EXERCISE INSTRUCTIONS: From the line with "hammerdb 명령을 실행하면" to the line with "Czarny kolor z", retype each line exactly as it stands in the records below, but skip the pictures.

INFORMATION SUPPLIED:

BEGIN

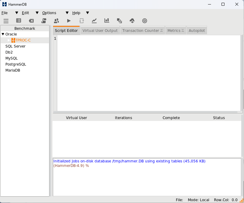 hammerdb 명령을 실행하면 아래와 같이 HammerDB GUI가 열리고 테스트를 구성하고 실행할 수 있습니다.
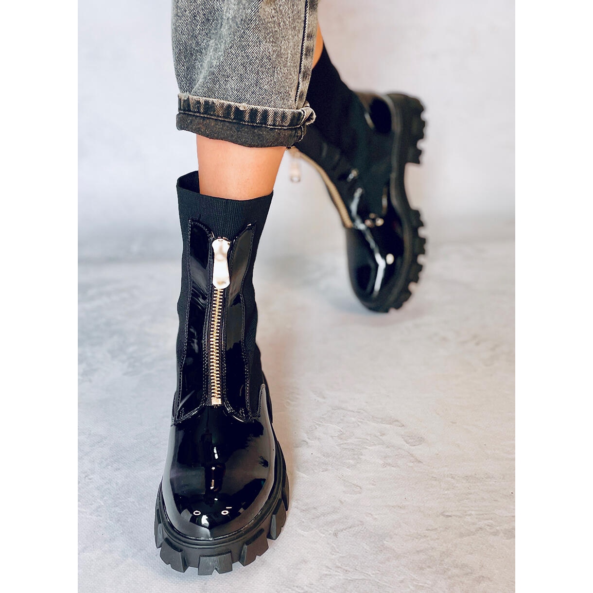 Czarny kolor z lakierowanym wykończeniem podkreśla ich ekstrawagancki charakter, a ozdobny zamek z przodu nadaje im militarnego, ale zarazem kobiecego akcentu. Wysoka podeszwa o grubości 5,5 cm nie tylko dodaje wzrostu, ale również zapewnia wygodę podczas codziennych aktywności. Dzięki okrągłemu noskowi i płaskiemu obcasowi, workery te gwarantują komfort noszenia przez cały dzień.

END
BEGIN

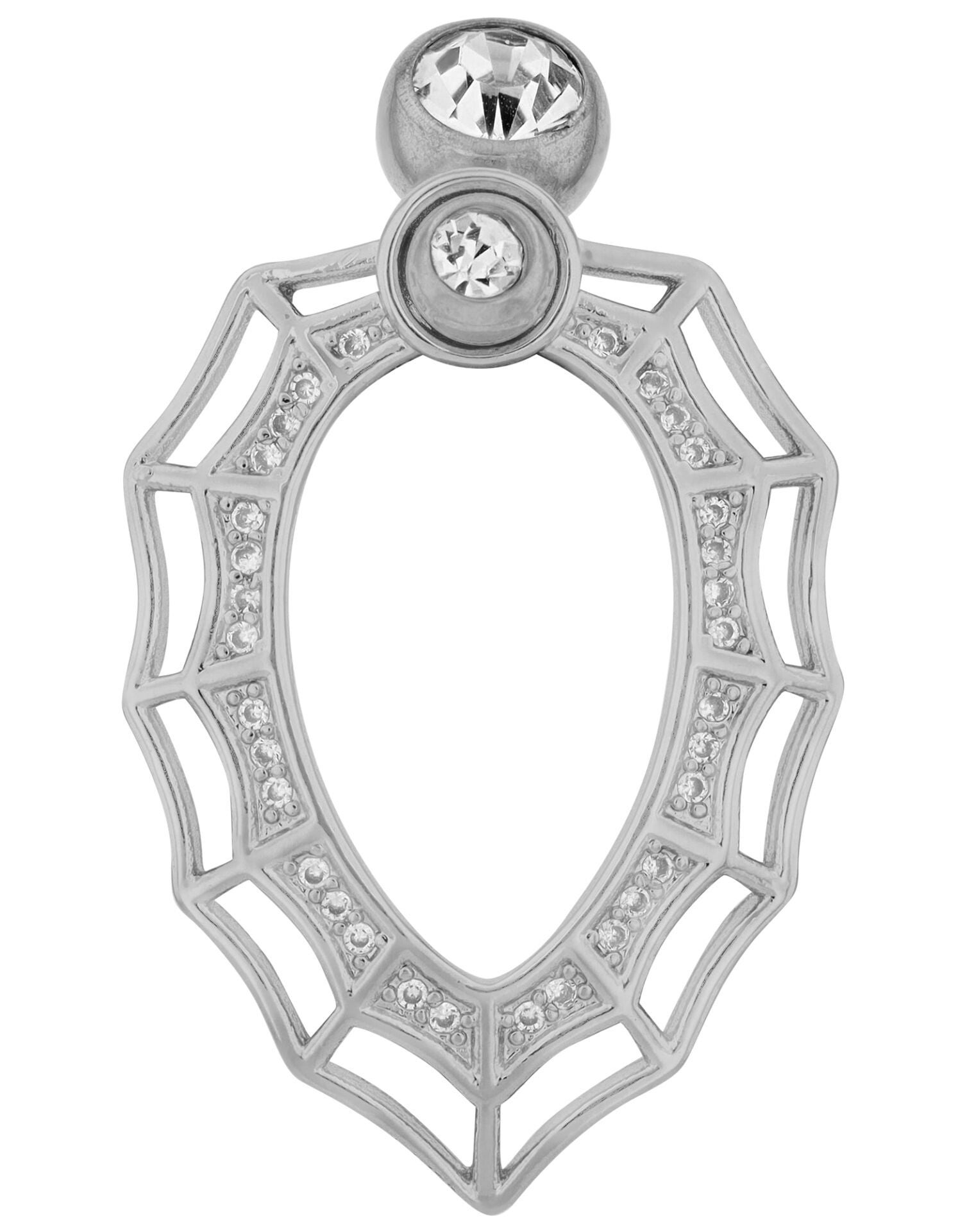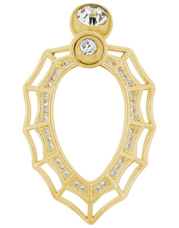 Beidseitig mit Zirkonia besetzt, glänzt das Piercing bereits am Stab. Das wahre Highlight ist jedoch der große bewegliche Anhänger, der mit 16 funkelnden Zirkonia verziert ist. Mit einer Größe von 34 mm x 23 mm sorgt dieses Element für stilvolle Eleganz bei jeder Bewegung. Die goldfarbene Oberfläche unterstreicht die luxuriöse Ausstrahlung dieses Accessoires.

END
BEGIN

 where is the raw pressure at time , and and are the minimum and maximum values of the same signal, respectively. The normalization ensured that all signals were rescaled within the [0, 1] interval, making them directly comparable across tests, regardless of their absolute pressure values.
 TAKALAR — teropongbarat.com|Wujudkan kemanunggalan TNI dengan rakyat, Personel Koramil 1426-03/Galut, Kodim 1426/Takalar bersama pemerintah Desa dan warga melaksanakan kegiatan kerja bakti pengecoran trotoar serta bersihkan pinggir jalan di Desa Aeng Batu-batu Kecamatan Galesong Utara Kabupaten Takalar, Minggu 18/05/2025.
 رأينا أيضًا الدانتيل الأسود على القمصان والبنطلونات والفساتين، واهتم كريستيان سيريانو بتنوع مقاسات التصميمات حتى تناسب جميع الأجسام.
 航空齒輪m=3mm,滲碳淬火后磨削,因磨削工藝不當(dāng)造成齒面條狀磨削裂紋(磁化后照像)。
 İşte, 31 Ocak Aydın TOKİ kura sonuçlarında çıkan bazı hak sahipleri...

END

SOLUTION BELOW:
 hammerdb 명령을 실행하면 아래와 같이 HammerDB GUI가 열리고 테스트를 구성하고 실행할 수 있습니다.
 Czarny kolor z lakierowanym wykończeniem podkreśla ich ekstrawagancki charakter, a ozdobny zamek z przodu nadaje im militarnego, ale zarazem kobiecego akcentu. Wysoka podeszwa o grubości 5,5 cm nie tylko dodaje wzrostu, ale również zapewnia wygodę podczas codziennych aktywności. Dzięki okrągłemu noskowi i płaskiemu obcasowi, workery te gwarantują komfort noszenia przez cały dzień.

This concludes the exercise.